Work order:
Without the pictures, set down every line of the data exactly.

[Source records]

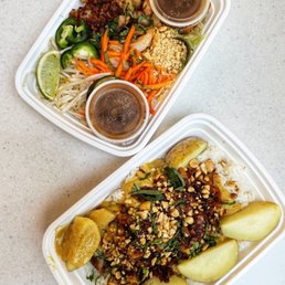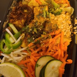 Vegetarian/vegan reviewer: I've ordered a couple of times from this place and I've liked it all the times. Be sure to check the shellfish allergy box/ mention it you vegetarians. 1. Tofu spring roll Absolutely love this simple and quick eat dish. It's filling and is pretty tasty. Just that the sauce with it almost tastes like tamarind and not much peanutty- you might wanna ask for peanut sauce replacement. I love spring rolls with peanut sauce instead. 2. Garden box Pretty nice, so many customizations. 3. Tofu green curry dish I think I liked this one better than garden box - ah I don't remember very vividly, but the green curry sauces were spicier and more flavorful
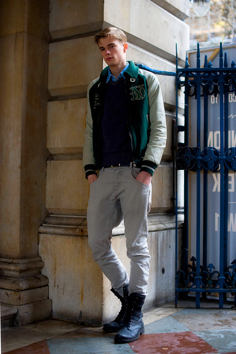 회색색상의 야구점퍼와 생지 데님을 함께 매치해 준 홍종현.
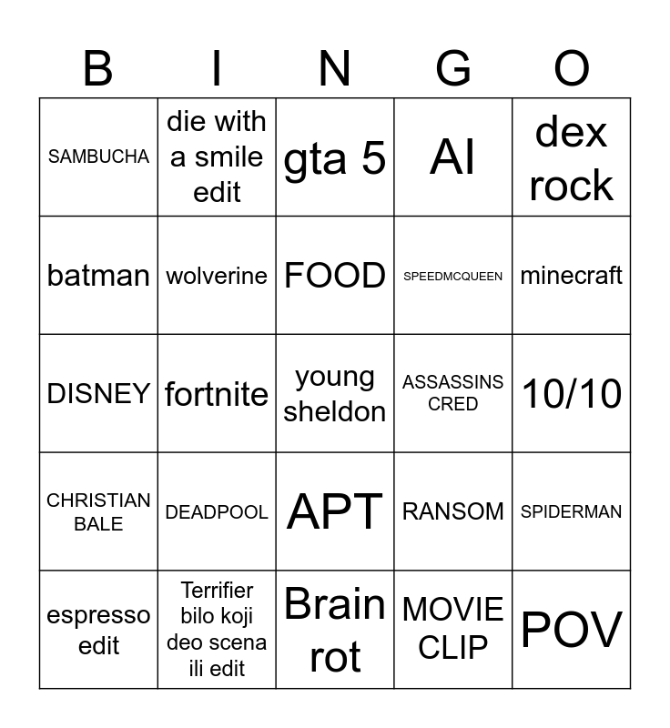 This bingo card has a free space and 24 words: DEADPOOL, Terrifier bilo koji deo scena ili edit, FOOD, espresso edit, dex rock, SAMBUCHA, batman, die with a smile edit, ASSASSINS CRED, APT, SPEEDMCQUEEN, DISNEY, RANSOM, SPIDERMAN, wolverine, MOVIE CLIP, 10/10, gta 5, minecraft, fortnite, POV, CHRISTIAN BALE, AI and Brain rot.
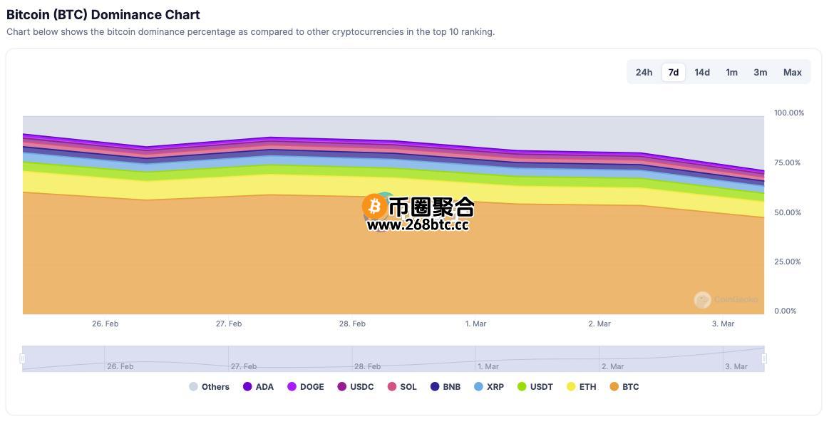 币圈聚合(268btc.cc)讯:美国总统川普(Donald Trump)抛出震撼弹,宣布将瑞波币(XRP)、Solana(SOL)和Cardano(ADA)纳入美国「加密货币战略储备」(Crypto Strategic Reserve)。市场一片欢腾之际,比特币价格一度飙涨10%,但市占率却应声下滑,跌破50%重要关卡。
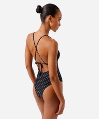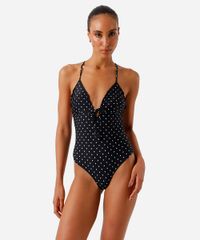 Economia de R$ 40,00Maiô confeccionado em malha de poliamida com proteção UV com padronagem de poá. A peça possui caimento ajustado ao corpo, frufru aplicado, decote profundo frontal e posterior com alças finas para amarração, bojo removível, forro e acabamento pespontado. Composição: 84% poliamida, 16% elastano Modelo veste: P/38 Medidas da modelo: Altura: 1,73m Busto: 86cm Cintura: 70cm Quadril: 101cm. Instruções de lavagem: - Lavagem manual - Não alvejar - Não secar em secadora - Secar na horizontal - Não passar - Não lavar à seco - Não limpar à úmido

Result for this task:
 Vegetarian/vegan reviewer: I've ordered a couple of times from this place and I've liked it all the times. Be sure to check the shellfish allergy box/ mention it you vegetarians. 1. Tofu spring roll Absolutely love this simple and quick eat dish. It's filling and is pretty tasty. Just that the sauce with it almost tastes like tamarind and not much peanutty- you might wanna ask for peanut sauce replacement. I love spring rolls with peanut sauce instead. 2. Garden box Pretty nice, so many customizations. 3. Tofu green curry dish I think I liked this one better than garden box - ah I don't remember very vividly, but the green curry sauces were spicier and more flavorful
 회색색상의 야구점퍼와 생지 데님을 함께 매치해 준 홍종현.
 This bingo card has a free space and 24 words: DEADPOOL, Terrifier bilo koji deo scena ili edit, FOOD, espresso edit, dex rock, SAMBUCHA, batman, die with a smile edit, ASSASSINS CRED, APT, SPEEDMCQUEEN, DISNEY, RANSOM, SPIDERMAN, wolverine, MOVIE CLIP, 10/10, gta 5, minecraft, fortnite, POV, CHRISTIAN BALE, AI and Brain rot.
 币圈聚合(268btc.cc)讯:美国总统川普(Donald Trump)抛出震撼弹,宣布将瑞波币(XRP)、Solana(SOL)和Cardano(ADA)纳入美国「加密货币战略储备」(Crypto Strategic Reserve)。市场一片欢腾之际,比特币价格一度飙涨10%,但市占率却应声下滑,跌破50%重要关卡。
 Economia de R$ 40,00Maiô confeccionado em malha de poliamida com proteção UV com padronagem de poá. A peça possui caimento ajustado ao corpo, frufru aplicado, decote profundo frontal e posterior com alças finas para amarração, bojo removível, forro e acabamento pespontado. Composição: 84% poliamida, 16% elastano Modelo veste: P/38 Medidas da modelo: Altura: 1,73m Busto: 86cm Cintura: 70cm Quadril: 101cm. Instruções de lavagem: - Lavagem manual - Não alvejar - Não secar em secadora - Secar na horizontal - Não passar - Não lavar à seco - Não limpar à úmido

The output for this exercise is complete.